= About this task =
Can you set down, exactly as they appear below, the lines from the opening of the material through the one bearing "仪式后,在警车护卫下,载着蔡", minus the pictures?

= Input data =
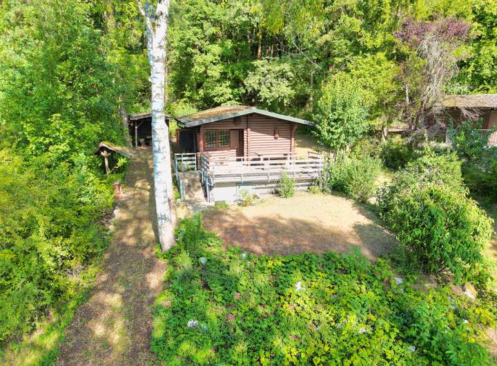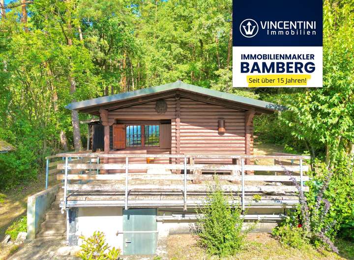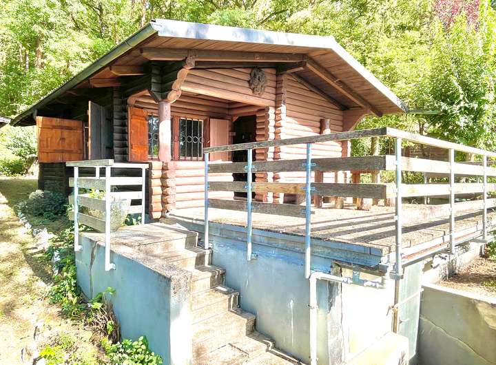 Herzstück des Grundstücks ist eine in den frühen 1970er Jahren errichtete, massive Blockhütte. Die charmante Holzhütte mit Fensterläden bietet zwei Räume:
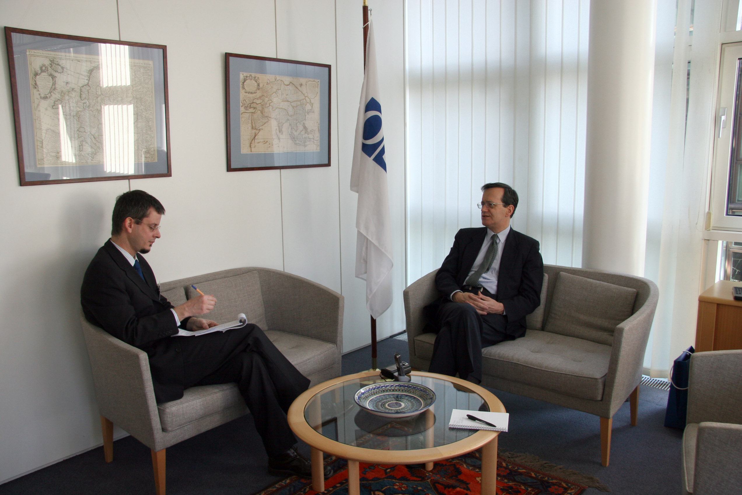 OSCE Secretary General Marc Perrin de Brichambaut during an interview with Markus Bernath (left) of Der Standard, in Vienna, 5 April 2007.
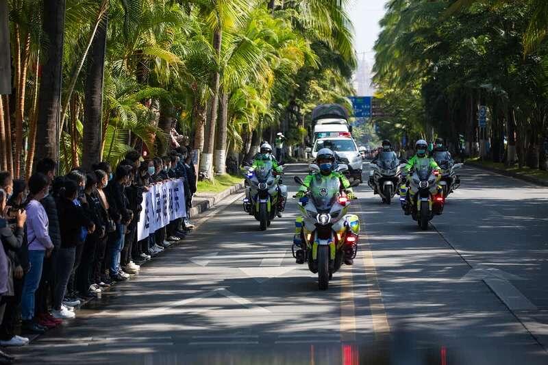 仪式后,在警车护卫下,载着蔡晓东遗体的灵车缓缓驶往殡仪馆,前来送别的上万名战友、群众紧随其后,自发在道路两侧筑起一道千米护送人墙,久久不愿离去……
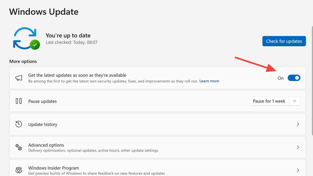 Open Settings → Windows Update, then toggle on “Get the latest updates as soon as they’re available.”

= Expected output =
 Herzstück des Grundstücks ist eine in den frühen 1970er Jahren errichtete, massive Blockhütte. Die charmante Holzhütte mit Fensterläden bietet zwei Räume:
 OSCE Secretary General Marc Perrin de Brichambaut during an interview with Markus Bernath (left) of Der Standard, in Vienna, 5 April 2007.
 仪式后,在警车护卫下,载着蔡晓东遗体的灵车缓缓驶往殡仪馆,前来送别的上万名战友、群众紧随其后,自发在道路两侧筑起一道千米护送人墙,久久不愿离去……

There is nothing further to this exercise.